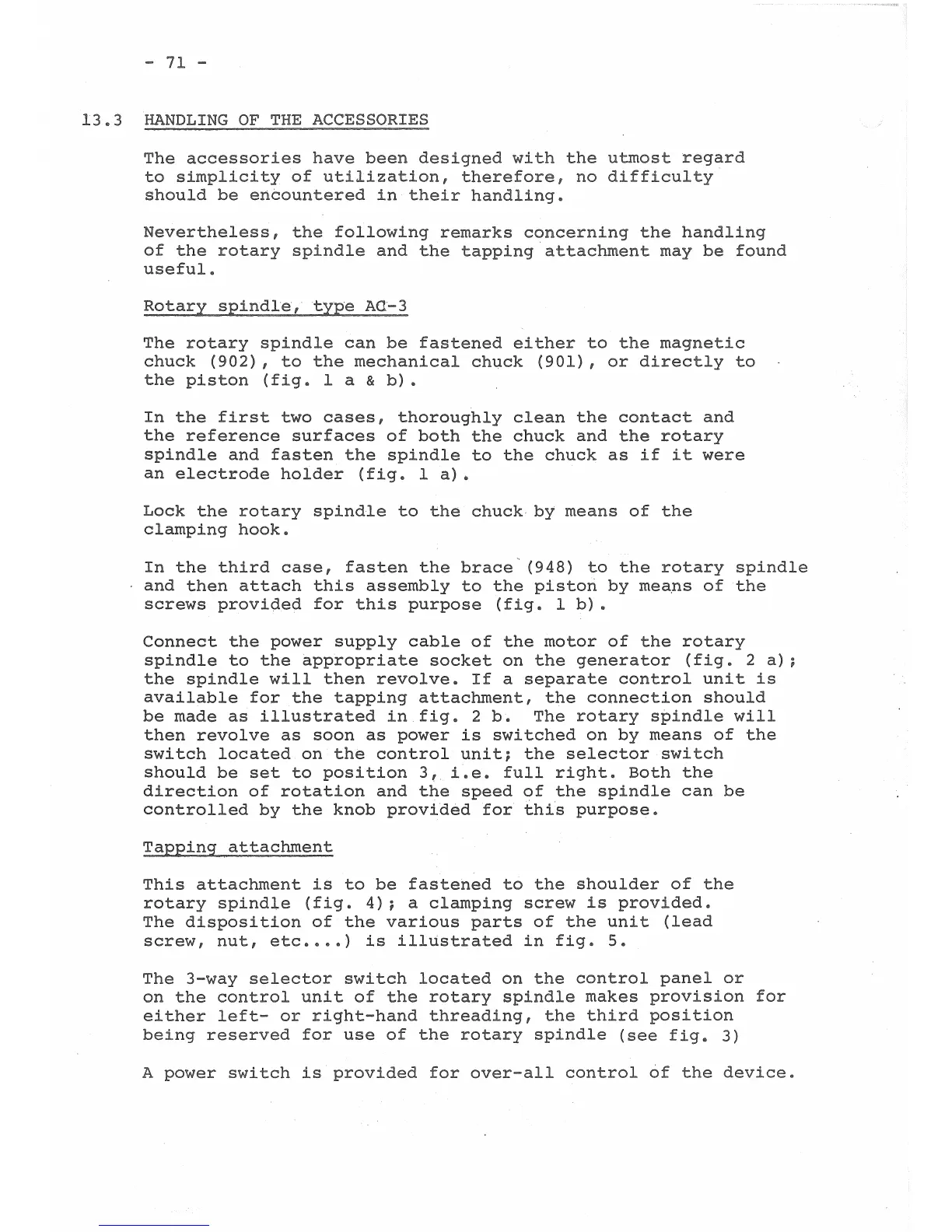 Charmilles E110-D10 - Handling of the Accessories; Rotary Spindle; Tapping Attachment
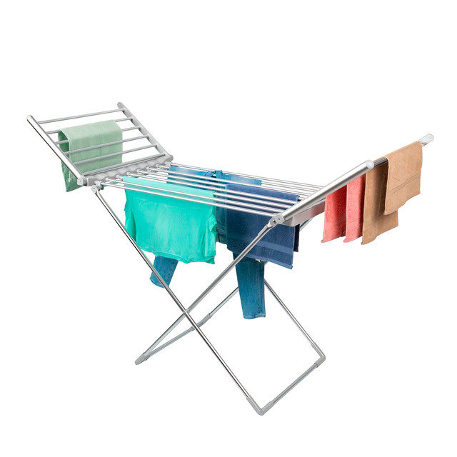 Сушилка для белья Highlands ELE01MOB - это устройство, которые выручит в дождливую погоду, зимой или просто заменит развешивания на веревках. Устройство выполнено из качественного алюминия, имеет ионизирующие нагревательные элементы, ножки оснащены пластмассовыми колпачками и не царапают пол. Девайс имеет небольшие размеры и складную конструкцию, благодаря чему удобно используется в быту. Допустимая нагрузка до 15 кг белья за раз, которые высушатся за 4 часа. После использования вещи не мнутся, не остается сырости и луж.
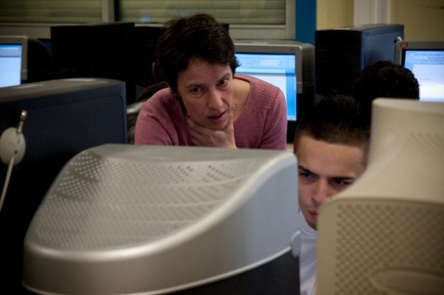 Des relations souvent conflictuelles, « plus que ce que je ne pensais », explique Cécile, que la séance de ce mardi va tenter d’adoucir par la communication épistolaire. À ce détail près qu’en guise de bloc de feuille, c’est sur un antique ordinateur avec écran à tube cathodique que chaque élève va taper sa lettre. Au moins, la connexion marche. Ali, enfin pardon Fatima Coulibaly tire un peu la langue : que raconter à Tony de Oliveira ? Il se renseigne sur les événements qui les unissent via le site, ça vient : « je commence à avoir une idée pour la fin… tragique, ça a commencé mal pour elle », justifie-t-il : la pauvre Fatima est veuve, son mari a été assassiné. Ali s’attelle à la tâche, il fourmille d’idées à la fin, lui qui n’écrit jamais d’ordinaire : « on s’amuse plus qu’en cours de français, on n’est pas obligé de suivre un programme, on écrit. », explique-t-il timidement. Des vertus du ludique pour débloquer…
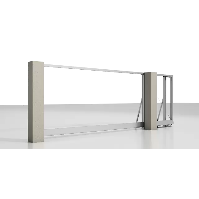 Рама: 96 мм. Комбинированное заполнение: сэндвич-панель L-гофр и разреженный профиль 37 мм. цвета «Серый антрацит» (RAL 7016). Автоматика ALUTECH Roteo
+--
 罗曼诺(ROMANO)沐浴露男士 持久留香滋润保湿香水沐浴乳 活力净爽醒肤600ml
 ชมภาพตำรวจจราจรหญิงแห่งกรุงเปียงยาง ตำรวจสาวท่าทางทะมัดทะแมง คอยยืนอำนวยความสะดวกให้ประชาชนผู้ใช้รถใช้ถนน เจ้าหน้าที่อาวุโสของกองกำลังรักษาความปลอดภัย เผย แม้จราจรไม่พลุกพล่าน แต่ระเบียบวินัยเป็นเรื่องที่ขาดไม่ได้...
+--
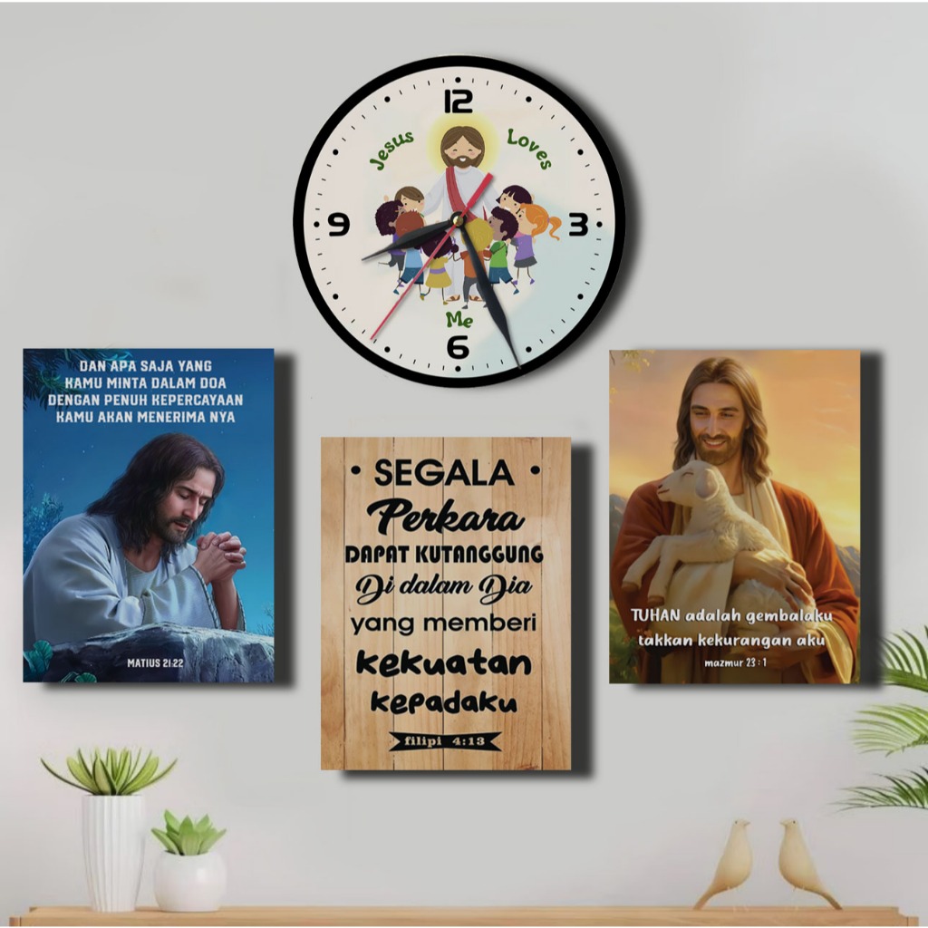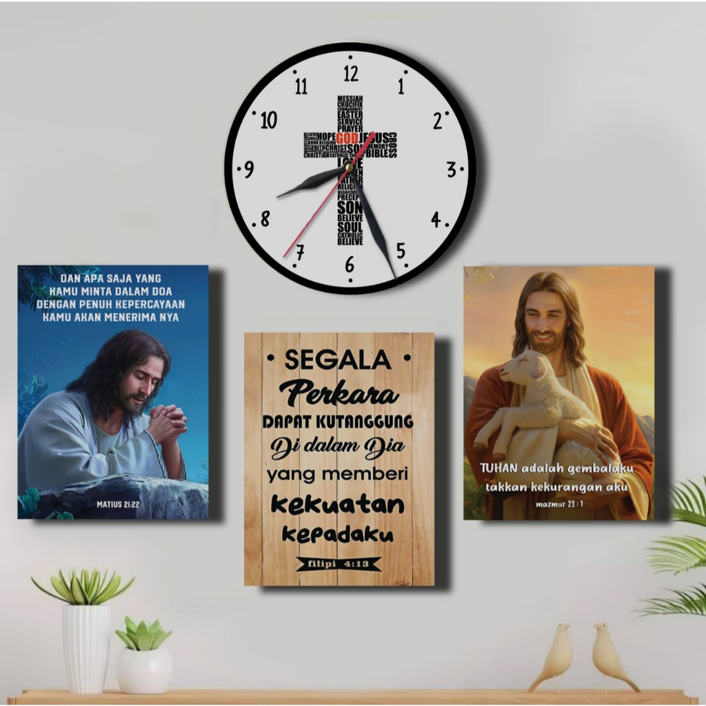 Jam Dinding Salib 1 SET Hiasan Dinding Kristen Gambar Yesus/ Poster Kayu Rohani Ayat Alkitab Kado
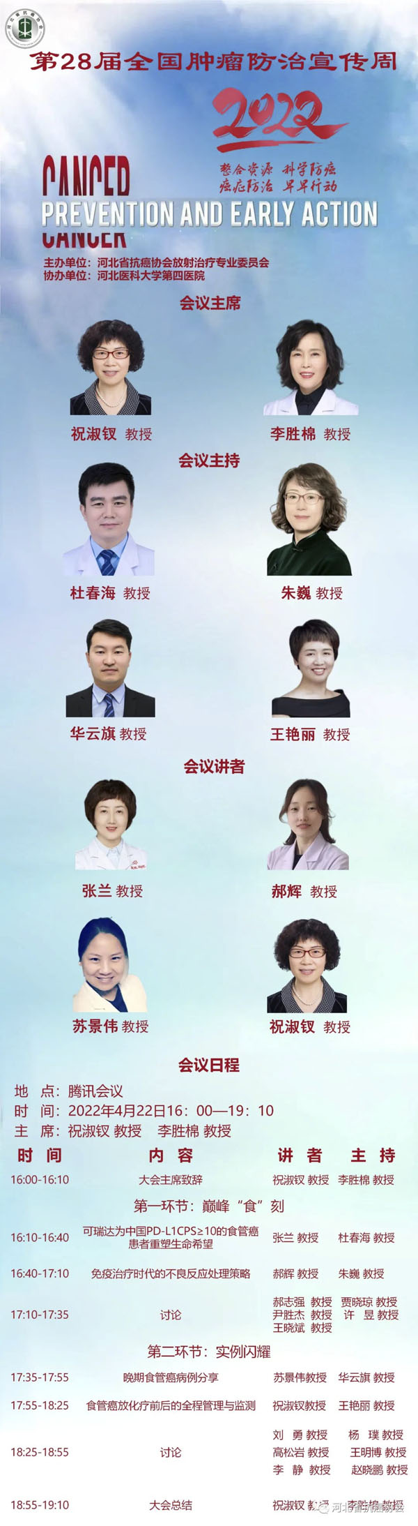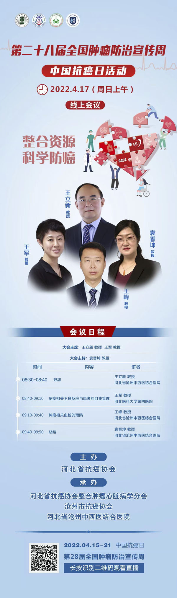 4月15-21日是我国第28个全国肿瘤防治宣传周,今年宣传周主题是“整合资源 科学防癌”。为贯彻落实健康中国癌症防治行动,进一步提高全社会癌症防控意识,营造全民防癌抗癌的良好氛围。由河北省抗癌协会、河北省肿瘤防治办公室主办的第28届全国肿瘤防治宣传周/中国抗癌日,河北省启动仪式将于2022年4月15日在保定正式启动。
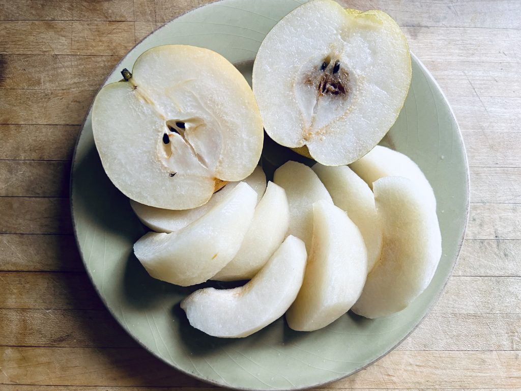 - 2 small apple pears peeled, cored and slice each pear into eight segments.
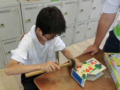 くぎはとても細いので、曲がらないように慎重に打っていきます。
+--
# About this exercise:
What you return from the records above should be exactly everything from the line with "4月15-21日是我国第28" down to the line with "くぎはとても細いので、曲がらないように慎重に打っていきます。", both kept, and no pictures.

# Answer for the task:
 4月15-21日是我国第28个全国肿瘤防治宣传周,今年宣传周主题是“整合资源 科学防癌”。为贯彻落实健康中国癌症防治行动,进一步提高全社会癌症防控意识,营造全民防癌抗癌的良好氛围。由河北省抗癌协会、河北省肿瘤防治办公室主办的第28届全国肿瘤防治宣传周/中国抗癌日,河北省启动仪式将于2022年4月15日在保定正式启动。
 - 2 small apple pears peeled, cored and slice each pear into eight segments.
 くぎはとても細いので、曲がらないように慎重に打っていきます。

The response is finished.